We are allowing in this period in our nation a President who wakes up in the morning at 2:00 in the morning and tweets some of the most insulting things to humanity and to people. We are waking up in the morning to newscasts that we are hearing him calling nations of people with vulgarity rather than their names. And saying, in essence, that we don’t want them here. I’ve traveled to New Hampshire, and I’ve seen Indonesian Christians, Presbyterian Christians, who we taught the Gospel, standing in an ICE office about to be deported. Praying with them before they went up on the elevator, made to pay for their own plane tickets in order to get out of the country. And then asked to report over and over again until this country can get the clearance to send them back to Indonesia  and the reason they came to this country in the first place was because Muslims were killing them in Indonesia. Send them back to death, rather than to have them here in life.

We have in this particular year, after the largest march every constructed in history, who gathered right after the inauguration, turn right around in this period, and allow this government to run amuck and to take the lives of people and to pull the rug out from hope and possibility for coming together.

The words of the Statue of Liberty, “Give me your tired, your poor, your huddled masses yearning to be free” are totally being erased and eroded every day by what is taking place in Washington D.C. today. I want to suggest that as Jesus did, not worrying about his reputation, not worrying about what people are going to say about him, not even worried about what might happen to him, and what dr. King did, to try and transform a nation, ought to be models of how we, as a church, in this particular time, must live by faith and not by sight.

This is the challenge of our time, my friends. This is what I really stopped by today here to tell you. But I also came by to tell you congratulations. I also came to tell you, you did a great a great job. And you’re modeling a great way. I stopped by to tell you, you have much and you have used it for the glory of God in this place. And you have brought two other churches in to the mix along with the life of this community and made this place a light upon the hill. A light upon the hill.

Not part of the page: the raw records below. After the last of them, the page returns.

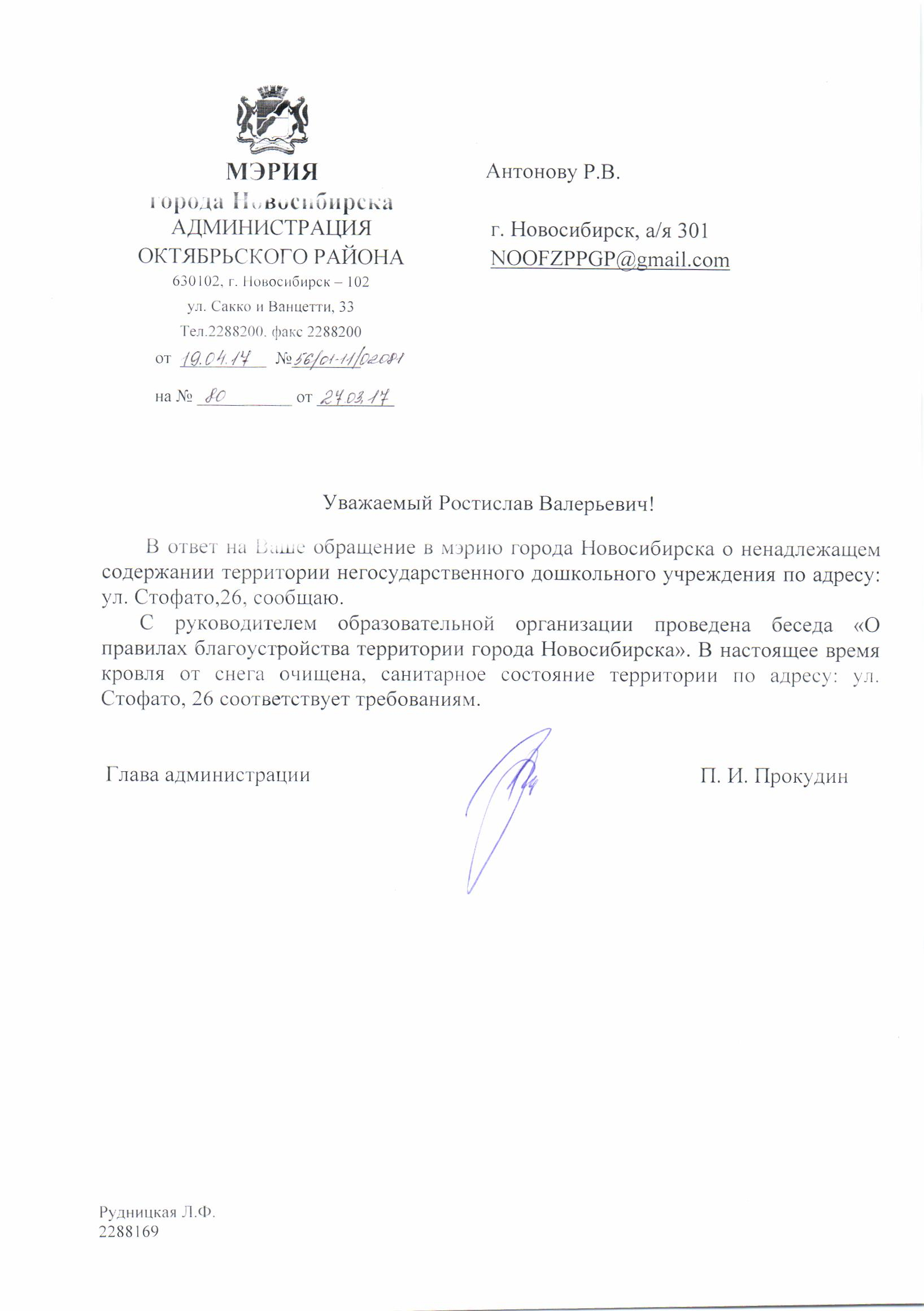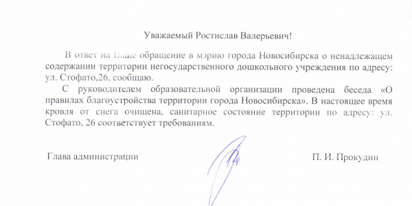 Номер жалобы:15914 Тип жалобы:Иные проблемы ЖКХ Название объекта:Управляющая Компания Город:Новосибирск Адрес:Новосибирск, улица Стофато, 22 Описание жалобы:Объявления и надписи в неположенном месте Статус:
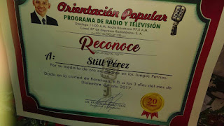El conductor del programa Orientación Popular, doctor Paredes Olivero Feliz, que se transmite por  el canal 57 de Empresas Radiofónicas, al cumplir su veinte aniversarios , tributo un reconocimiento al destacado trebejista Still Perez Guzmán, por su meritoria participación en los primeros juegos patrios celebrados en Madrid, España.
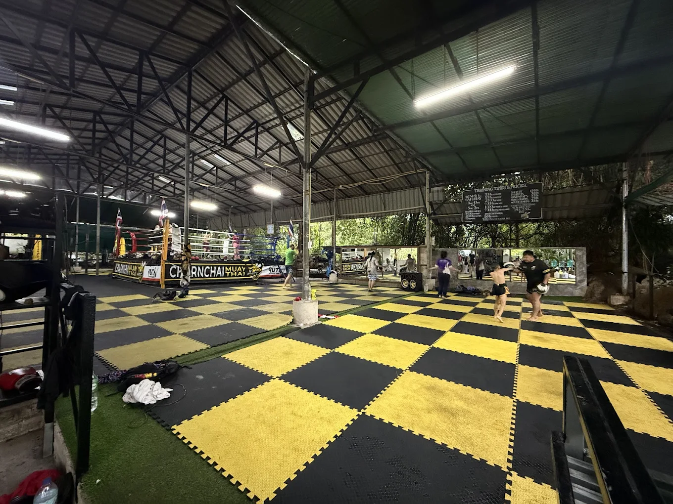 Charnchai est conçu pour accueillir des pratiquants de tous niveaux – débutants, intermédiaires, confirmés – avec une approche personnalisée de l’entraînement. Le rythme des sessions typiques est de deux entraînements collectifs par jour du lundi au samedi, matin et après‑midi.
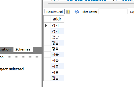 DISTINCT는 조회된 결과에서 중복된 데이터를 1개만 남기게 한다. member 테이블에서 addr만을 조회해보자.
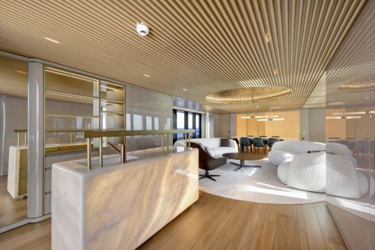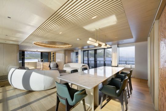 L'aménagement intérieur, réalisé par Yodezeen avec les équipes du chantier, s'appuie sur une esthétique de type loft. L'onyx ivoire est utilisé à la fois pour le bar et la table de salle à manger, tandis que le parquet en chêne fait écho aux ponts extérieurs en teck.
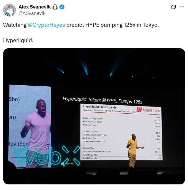During the WebX 2025 conference in Tokyo, Hayes forecast HYPE’s price to surge 126x over the next three years.
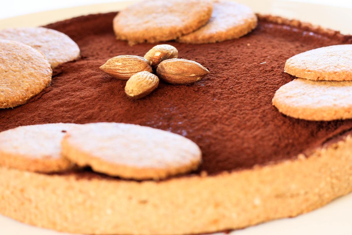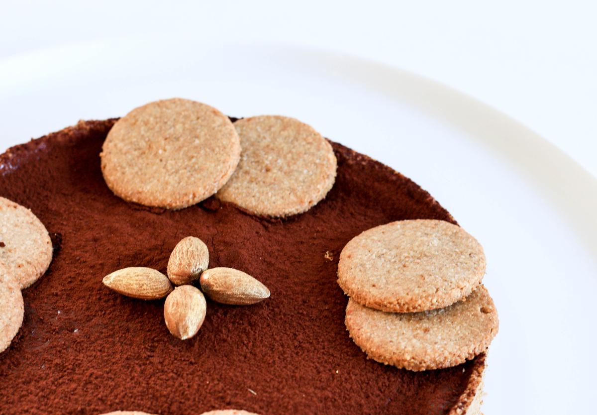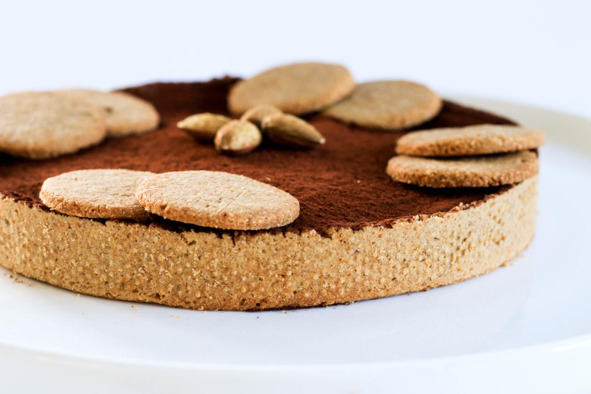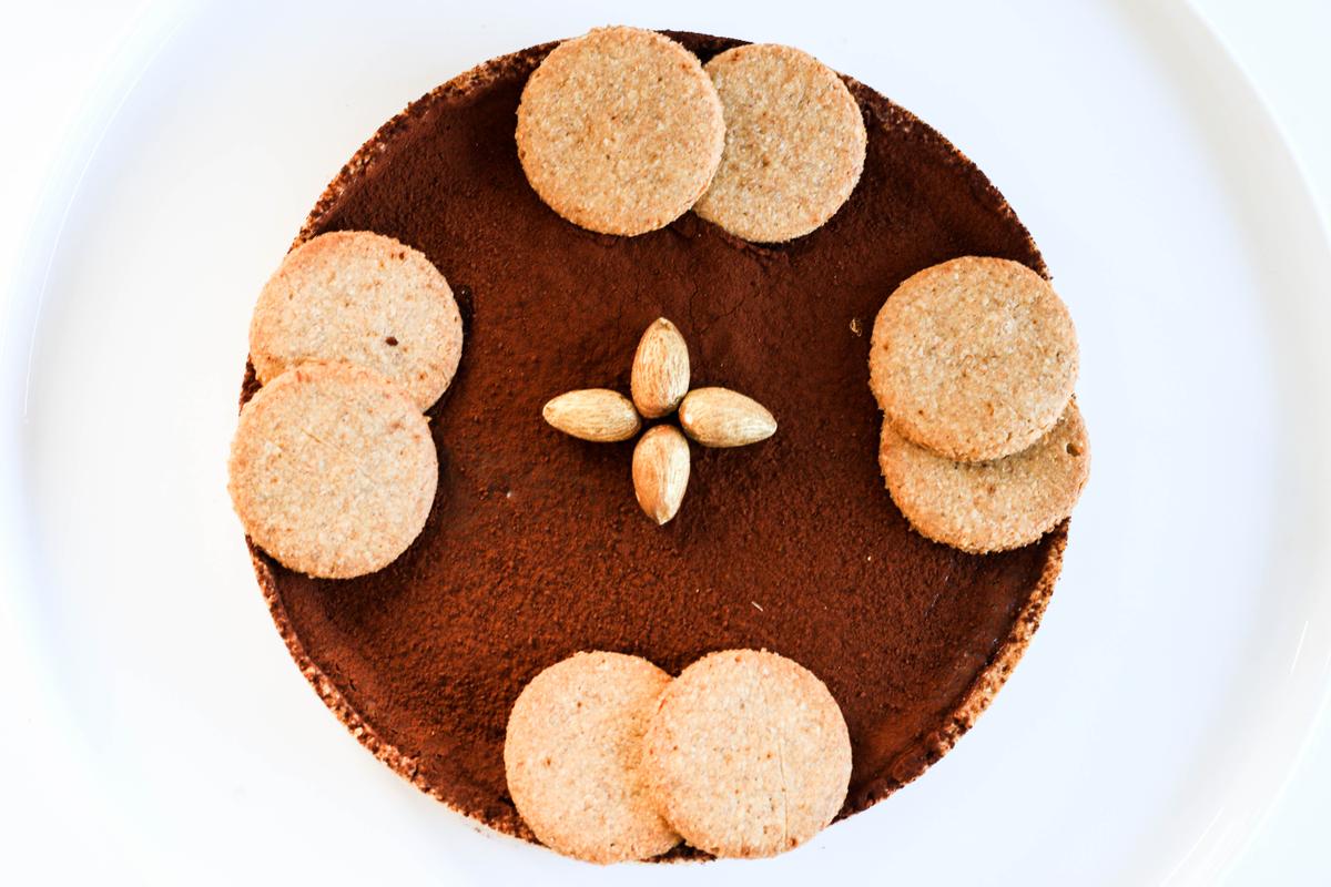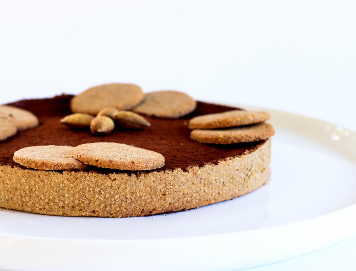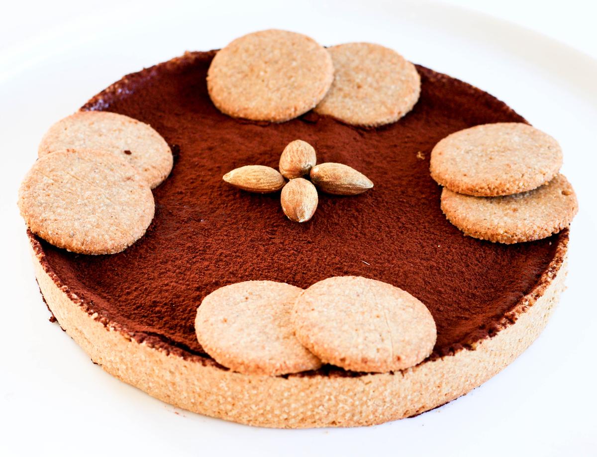 Tarta de chocolate hecha con una masa quebrada de harina integral y almendras, con un relleno de leche condensada sin azúcar hecha en casa.
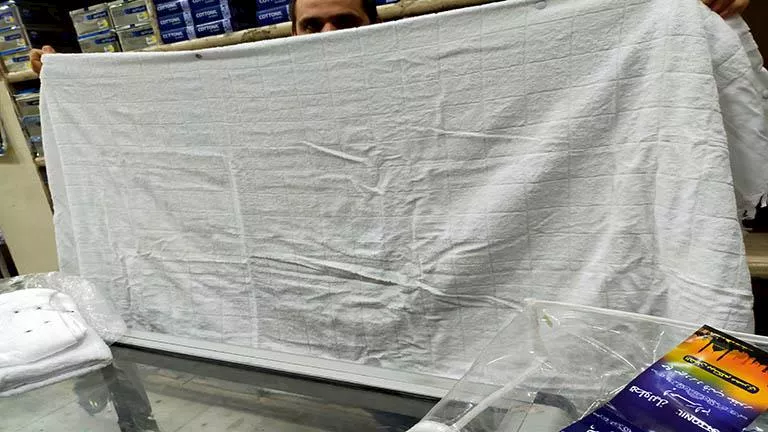 إزار: وهو ثوب من قماش يلفه على وسطه يستر به جسده ما بين سرته إلى ما دون ركبته، وخيره الجديد الأبيض الذي لا يشف عن العورة “بشكير”.
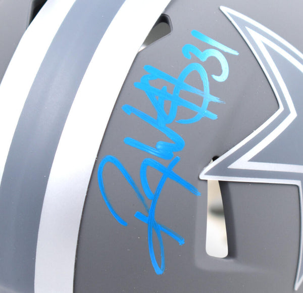 Roy Williams Autographed Dallas Cowboys Slate Speed Mini Helmet-Beckett W Hologram *Blue This is a hand autograph of Roy Williams of the Dallas Cowboys on a Riddell Football Slate Speed Mini Helmet. This item has a Beckett Witness Authentication, which comes with a Beckett numbered hologram and a QR code for verification. You can view this item on the Beckett Authentication website and it shows when and where the item was signed. It was signed either at a public autograph appearance or a private signing. This is a stock photo of the item. Although you may not receive this exact item, the item you receive is virtually identical and brand new in great shape.
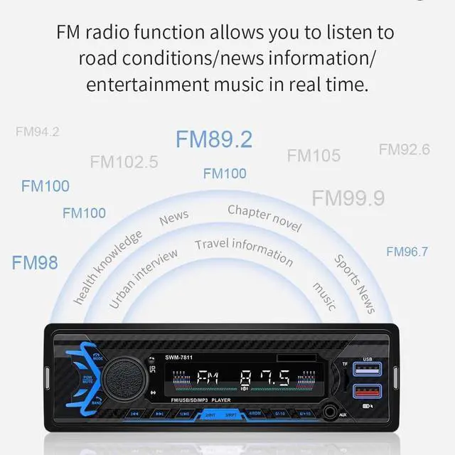 Upgrade your driving experience with our 7-inch Single Din car radio, featuring Bluetooth for hands-free calls and wireless music streaming, voice assistant integration, and a powerful 60W output. Enjoy your favorite tunes through USB, TF card, or AUX input, and tune in to FM radio with a wide frequency range of 87.5 -108MHz. The stereo includes a steering wheel controller for safe, easy operation and supports subwoofer connection via RCA outputs. Additional features include customizable EQ settings, 2.1A fast charging, and power-off memory, all in a sleek, standard U.

Don’t stop what you’re doing. Don’t stop what you’re doing! Bring people in and transform lives. Let the world know that there is a place called Westminster. There is a place that can take a little something and can do a lot. But also can take a lot and do a whole lot more.

Let the world know that you are a church that can take a vision from an unfinished parking lot and change a whole city and stand firm in the liberty where Christ Jesus has set you free. Let the world know that you are standing firm in a way that all of us can if we follow your lead and stand in the way that you have. Oh Tim…I have to say this in closing. You a bad man!